(INFORMATION SHOWN Opens)
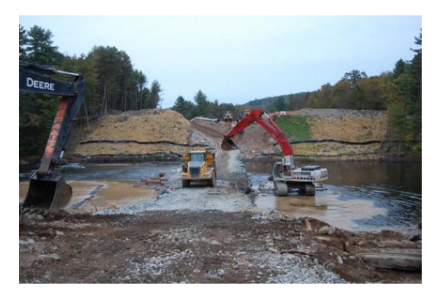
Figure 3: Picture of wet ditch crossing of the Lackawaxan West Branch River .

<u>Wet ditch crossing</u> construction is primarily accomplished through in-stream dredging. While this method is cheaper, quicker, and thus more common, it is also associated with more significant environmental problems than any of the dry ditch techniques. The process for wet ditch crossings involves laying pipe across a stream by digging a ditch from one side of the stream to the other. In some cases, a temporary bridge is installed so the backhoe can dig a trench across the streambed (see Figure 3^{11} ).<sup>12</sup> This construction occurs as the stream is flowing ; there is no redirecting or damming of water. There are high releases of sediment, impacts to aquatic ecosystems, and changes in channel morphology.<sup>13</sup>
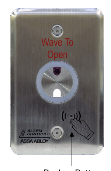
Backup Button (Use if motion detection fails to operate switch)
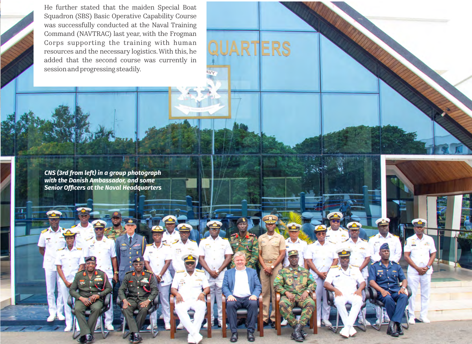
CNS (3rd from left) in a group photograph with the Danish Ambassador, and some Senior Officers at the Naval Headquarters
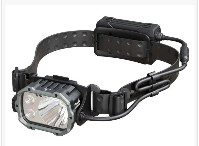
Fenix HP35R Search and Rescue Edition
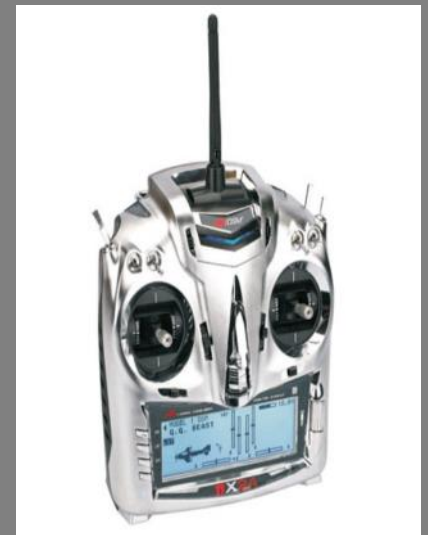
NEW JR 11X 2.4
(INFORMATION SHOWN Closes)
(INFORMATION SHOWN Opens)
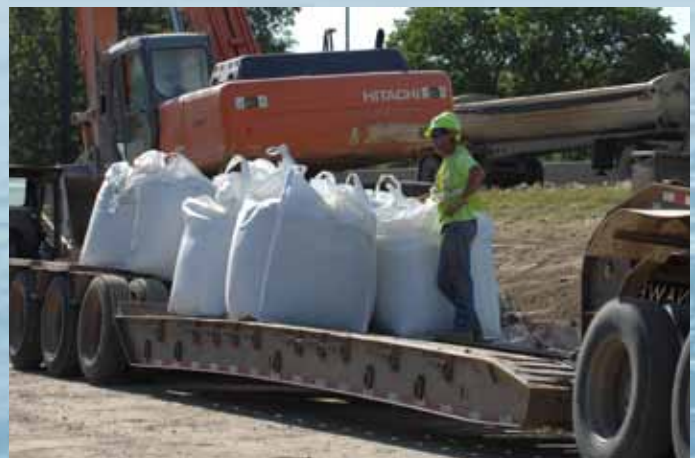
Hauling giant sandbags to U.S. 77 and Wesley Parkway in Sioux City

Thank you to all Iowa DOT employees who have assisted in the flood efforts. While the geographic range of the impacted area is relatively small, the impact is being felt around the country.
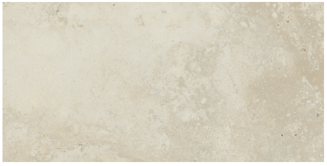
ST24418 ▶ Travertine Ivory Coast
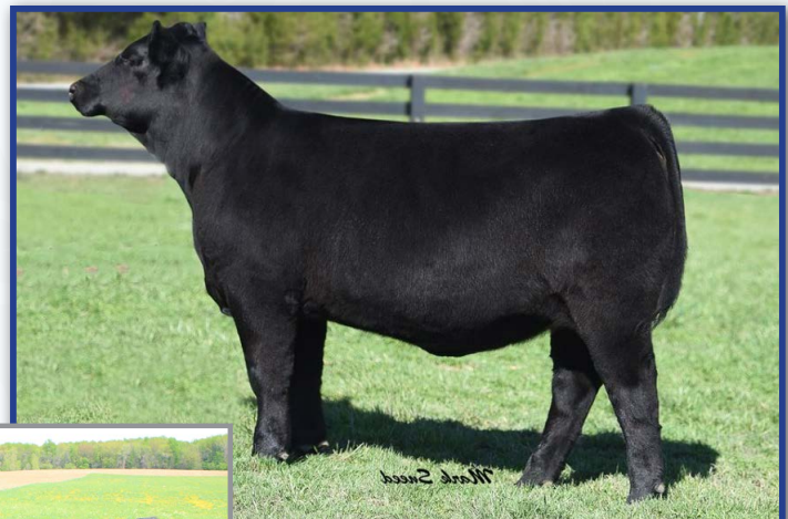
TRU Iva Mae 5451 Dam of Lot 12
(INFORMATION SHOWN Closes)
WORK REQUIRED:
Within the entries above, the lines from the one containing "Hauling giant sandbags" through the one containing "TRU Iva Mae 5451 Dam of Lot 12" are to be transcribed exactly, ends included, pictures excluded.

RESULT OF THE TASK:
Hauling giant sandbags to U.S. 77 and Wesley Parkway in Sioux City

Thank you to all Iowa DOT employees who have assisted in the flood efforts. While the geographic range of the impacted area is relatively small, the impact is being felt around the country.
ST24418 ▶ Travertine Ivory Coast
TRU Iva Mae 5451 Dam of Lot 12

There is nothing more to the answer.